СКАЗКИ ДЛЯ ПАДЧЕРИЦЫ

2011

с рисунками автора

РАЙДО

Уродилась

Уродилась дурная на голову всем на несчастье:

то молчит и молчит, то спрячется и бормочет.

Карту вынет — так всё впустую, крестовой масти;

подарил же какой-то чёрт нам такую дочку!

Уж и били её — хворостиной, да всё без толку,

не берут её вовсе розги да оплеухи:

только белые губы сожмёт да глянет волком.

Оборвать бы ей уши — да что тогда прок с безухой!

За водою пойдёт — как будто за днём вчерашним,

а пошлёшь напросить — так приносит сухие корки.

ей в глаза поглядеть — как в окна пустые — страшно

и дыханье сшибает, как будто несёшься с горки.

Взяла ещё моду — в шатёр приносить газеты,

сначала прочтёт, а потом, ты смотри-ка, пишет,

себя позабудет да вскрикнет: ой, мама, свету! —

как будто у нас керосин бывает лишний!

Да ладно, пусть пишет, оно, может быть, на пользу —

уже старики к ней заходят за этим делом,

ей дарят потом за помощь серёжки-кольца,

да вот подарили платочек в цветочек белый.

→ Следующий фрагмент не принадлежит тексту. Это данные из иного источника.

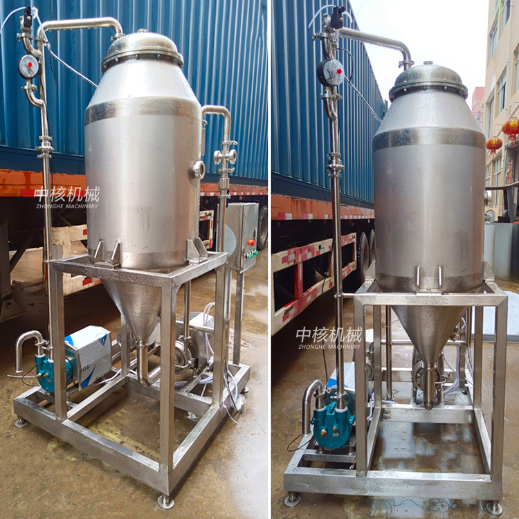 3、開啟視燈,開啟真空泵,待真空度到-0.07~-0.08Mpa左右時(shí),打開進(jìn)料閥,物料從進(jìn)料口自吸進(jìn)入罐內(nèi),當(dāng)物料升至一定位置時(shí)(在視鏡處可以觀看到),開啟出料泵出料。

А только ведь жалко дуру — не выдашь замуж,

она же ни петь, ни плясать, ни добыть на ужин —

как будто поповна не то городская дама...

Ей скажешь...

«Ой, мама, мне муж не нужен!»

Да всё это смолоду, сдуру, а мать-то знает —

ведь женская доля, известно, она от Бога!

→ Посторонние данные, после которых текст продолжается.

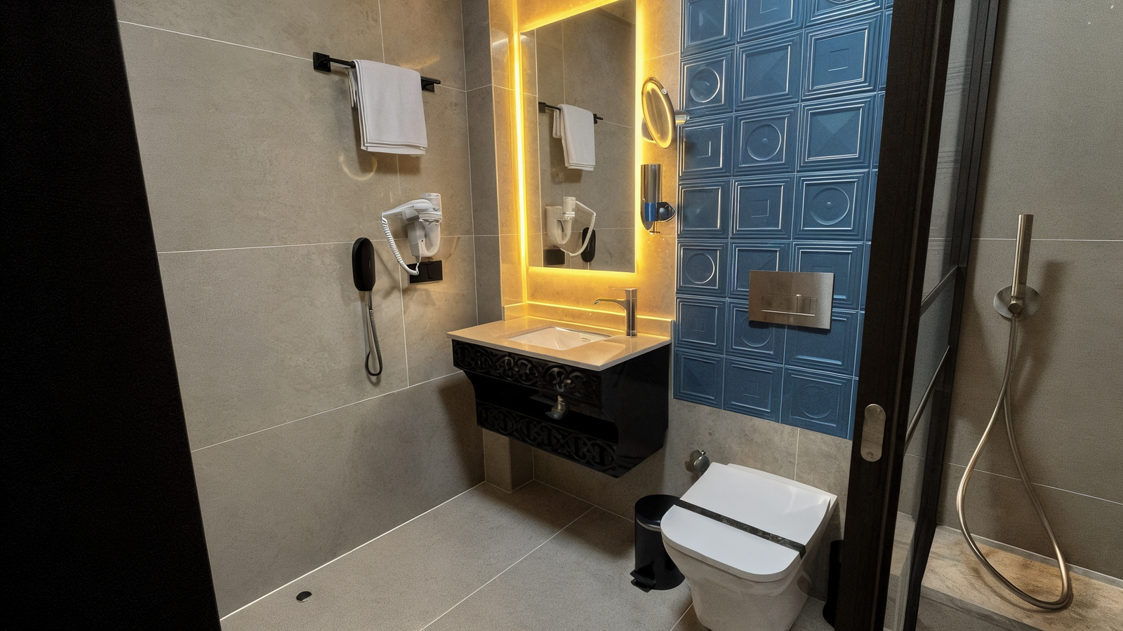 Hamam Taşıyla Donatılmış Banyo: Türk hamamı esintisi taşıyan özel tasarım banyoda rahatlatıcı bir duş deneyimi.

«Не нужен» — ведь скажет тоже ещё, чудная...

...А всё-таки глянет — и сердце возьмёт тревога...

Девки как девки у всех, в пятнадцать — невесты,

к каждой уже посватались хоть по разу;

смотришь — соседскую выдали, честь по чести,

только на эту не смотрит никто, заразу.

Да, не красавица, но ведь и не заморыш:

косы длинны и черны, и глаза углями

светят, а только ясно — сваты нескоро

сядут на наш клеверок золотыми шмелями.

Я ж говорила — кому нужна книгочейка?

Где только книги берёт — смотреть на них страшно:

рваные, грязные, тащит и тащит зачем-то.

Лучше бы новую брату стащила рубашку!

Да не по чину ей, видишь: всё пишет, пишет,

то угольком, а то карандаш добудет;

пишет на книжках, газетах, билетах, старых афишках,

даже ей глаз не жалко своих, паскуде.

А зашёл тут племянник мужнин в гости,

в тридцать лет уже вдов — такая доля;

одному жизнь подарит, с другого спросит,

а цыган или царь — не играет роли.

Посидел, выпил с мужем немного водки,

покурил да приметил девчонку с книжкой:

«Это старшая выросла? Вот красотка!

Эй, девчонка, ты что там такое пишешь?»

Волком глянула: «Рихмы». «Как?» «Ну, песни».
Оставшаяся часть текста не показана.